Réprimer, c’est renforcer
James Gross, un chercheur en psychologie des émotions, a découvert que les personnes qui essaient de supprimer une émotion désagréable échouent. Alors qu’elles pensent que rien ne se voit à l’extérieur, à l’intérieur, leur système limbique reste activé (IRM à l’appui). Essayer de ne pas ressentir une émotion ne fonctionne pas et, dans certains cas, cela se retourne contre soi. Mais mettre des mots dessus fait une grande différence.
« Pour réduire l’activation, conseille le Dr Drouin, il suffit d’utiliser quelques mots pour décrire l’émotion et idéalement d’utiliser un langage symbolique, avec des métaphores, des couleurs... » Résultat : le cortex préfrontal s’active, ce qui réduit l’activation du système limbique.
Reconnaître consciemment une émotion réduit son impact. Ce qui explique, peut-être, que les femmes, plus enclines à exprimer leurs émotions, ont un meilleur taux de rémission (face au cancer).
« Pleurer, par exemple, est un mécanisme naturel de libération émotionnelle. Trop souvent, on dit encore qu’un garçon ne doit pas pleurer... Or, pleurer allège la charge allostatique », signale Julien Drouin. La charge allostatique est le stress émotionnel qui pèse sur le système nerveux autonome. Ce dernier régule les fonctions biologiques du corps, notamment la prolifération des cellules souches du cancer.
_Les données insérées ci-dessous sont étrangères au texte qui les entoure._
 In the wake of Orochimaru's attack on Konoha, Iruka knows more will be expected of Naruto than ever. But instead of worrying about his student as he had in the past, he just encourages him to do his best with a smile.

« Quand vous avez une charge allostatique qui grossit au fur et à mesure de l’existence, cela provoque l’activation du système sympathique, qui nous met en tension. Celui-ci libère des neurotransmetteurs stressants et inhibe les neurotransmetteurs relaxants. Activé, le système sympathique modifie l’expression de nombreux gènes, créant un terrain à même de favoriser la prolifération des cellules souches du cancer. Inversement, lorsque vous libérez cette charge allostatique, le système nerveux autonome bascule en réponse “réparation/relaxation”, activant le système parasympathique et libérant un neurotransmetteur essentiel : le GABA (acide gamma-aminobutyrique) qui inhibe la libération d’hormones de stress et bloque la prolifération des cellules souches du cancer », éclaire le Dr Drouin.
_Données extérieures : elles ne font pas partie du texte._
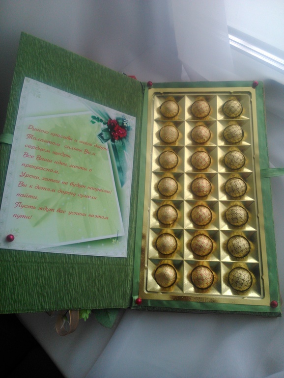 Всем рукодельницам доброго дня!Наконец-то закончила свой долгострой-журнал:хотелось бы,чтобы учителю понравилось.Сначала для поздравления искала открытку,но не найдя подходящей пришлось самой распечатывать поздравление.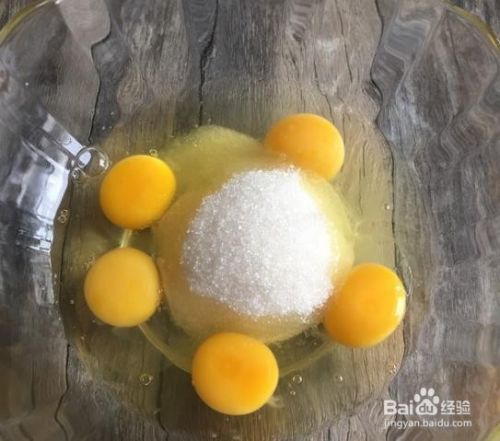 全蛋加入白砂糖、盐在热水中隔水加热,用手抽把白砂糖打匀,水饴隔水融化加入到蛋液里

Désamorcer le bug émotionnel
Si nos émotions peuvent nous intoxiquer, tout ce qui permet de les libérer peut donc, a contrario, activer la réponse de relaxation et entraîner la libération du GABA endogène. « Je conseille toujours à mes patients de faire ce qu’ils aiment (méditer, marcher, danser, chanter, faire du théâtre), car c’est la meilleure façon d’activer la réponse de relaxation », partage Julien Drouin. Il existe aussi de nombreux outils qui aident à la libération émotionnelle.
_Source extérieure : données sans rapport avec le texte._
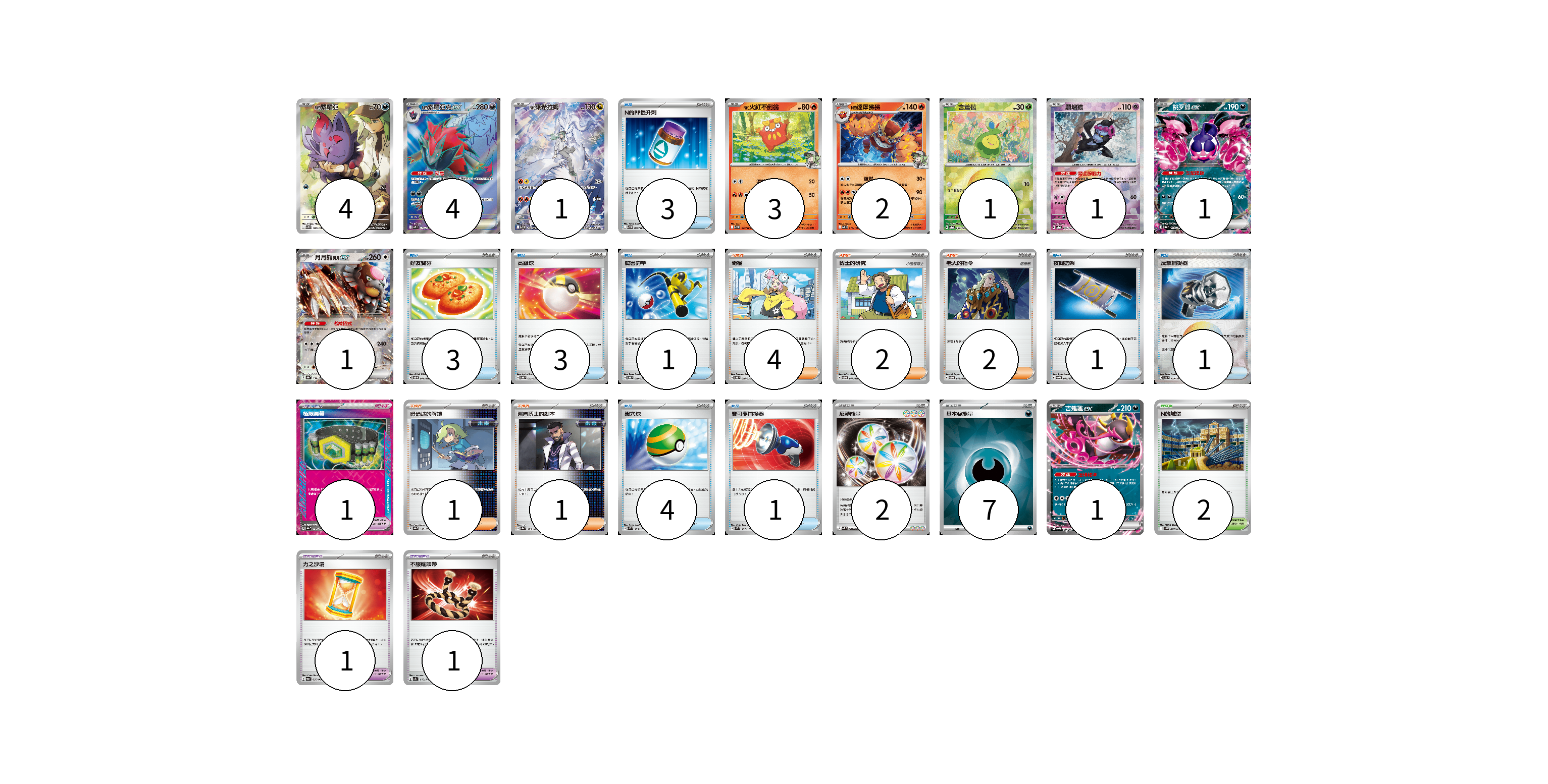 牌組構築方案 以此牌組為基礎新構築牌組 顯示卡面 顯示列表 寶可夢卡(19) 4 4 1 3 2 1 1 1 1 1 寶可夢道具(3) 1 1 1 物品卡(17) 3 3 3 1 1 1 4 1 支援者卡(10) 4 2 2 1 1 競技場卡(2) 2 能量卡(9) 2 7 寶可夢卡(19) 卡牌名稱 張數 卡牌名稱 張數 N的索羅亞 SV9 108/100 04 N的索羅亞克ex SV9 117/100 04 N的萊希拉姆 SV9 109/100 01 N的火紅不倒翁 SV9 015/100 03 N的達摩狒狒 SV9 016/100 02 含羞苞 SV8a 001/187 01 願增猿 SV8a 075/187 01 桃歹郎ex SV8a 105/187 01 月月熊 赫月ex SV8a 134/187 01 吉雉雞ex SVOM 009/021 01 寶可夢道具(3) 卡牌名稱 張數 卡牌名稱 張數 極限腰帶 SV8a 159/187 01 力之沙漏 SV6a 058/064 01 不服輸頭帶 SV1S 073/078 01 物品卡(17) 卡牌名稱 張數 卡牌名稱 張數 N的PP提升劑 SV9 089/100 03 好友寶芬 SVOD 011/020 03 高級球 SVOD 012/020 03 厲害釣竿 SVOD 010/020 01 夜間擔架 SVOM 016/021 01 反擊捕捉器 SV8a 139/187 01 巢穴球 SVM 133/175 04 寶可夢捕捉器 SVM 137/175 01 支援者卡(10) 卡牌名稱 張數 卡牌名稱 張數 奇樹 SVOD 016/020 04 博士的研究 SVOD 017/020 02 老大的指令 SVOD 019/020 02 暗碼迷的解讀 SV8a 165/187 01 弗圖博士的劇本 SV8a 175/187 01 競技場卡(2) 卡牌名稱 張數 卡牌名稱 張數 N的城堡 SV9 097/100 02 能量卡(9) 卡牌名稱 張數 卡牌名稱 張數 反轉能量 SVK 041/042 02 基本【惡】能量 SVK DAR 07 以此牌組為基礎新構築牌組 牌組編碼 hOyQDf-yCOfLT-pkJFBX copy 列印牌組單 牌組編碼已複製 分享至SNS

Dans son livre, le Dr Drouin expose les liens qu’il a étudiés entre libération émotionnelle et rémissions spontanées de cancer.
« J’ai notamment lu les travaux de Bernie Siegel. Ce chirurgien, qui a répertorié 57 cas de rémissions spontanées de cancer, a observé que ceux qui ont guéri avaient libéré leurs émotions, et notamment fait la paix avec leurs proches. » Et si, justement, ce chemin de libération des émotions permettait certes d’activer les pouvoirs de guérison qui sont en nous, mais aussi de revenir à soi ?... De renouer avec le sens profond de sa vie ?
C’est en tout cas ce qu’appelle de ses vœux Antoine Sénanque, auteur de
Guérir quand c’est impossible (4). Ce médecin, qui écrit sous son pseudo de romancier, prône une médecine spirituelle, plurielle, capable de multiplier les chances de guérir, au-delà même de la maladie.
« La médecine spirituelle ne rejette ni les soins conventionnels, ni le recours aux influences mentales bénéfiques, ni le rendez-vous avec le sacré », affirme-t-il. En se penchant sur les guérisons miraculeuses recensées à Lourdes, il a constaté que pour qu’il y ait miracle... il faut l’avoir demandé. Libérer les émotions réprimées et réconcilier le corps et l’esprit campent donc au cœur des guérisons inespérées. Dont acte.
(1) Dr Julien Drouin,
Cancer. Et si nos émotions pouvaient nous guérir ? , Éd. Guy Trédaniel, 2018.
(2) Dr Alain Exposito,
Mortelles émotions, Éd. Frison-Roche, 2010.
(3) Isabelle Filliozat et Hélène Roubeix,
Le corps messager, Éd. Desclée de Brouwer, 2016 (nouvelle édition).
(4) Antoine Sénanque,
Guérir quand c’est impossible, Éd. Marabout, 2018.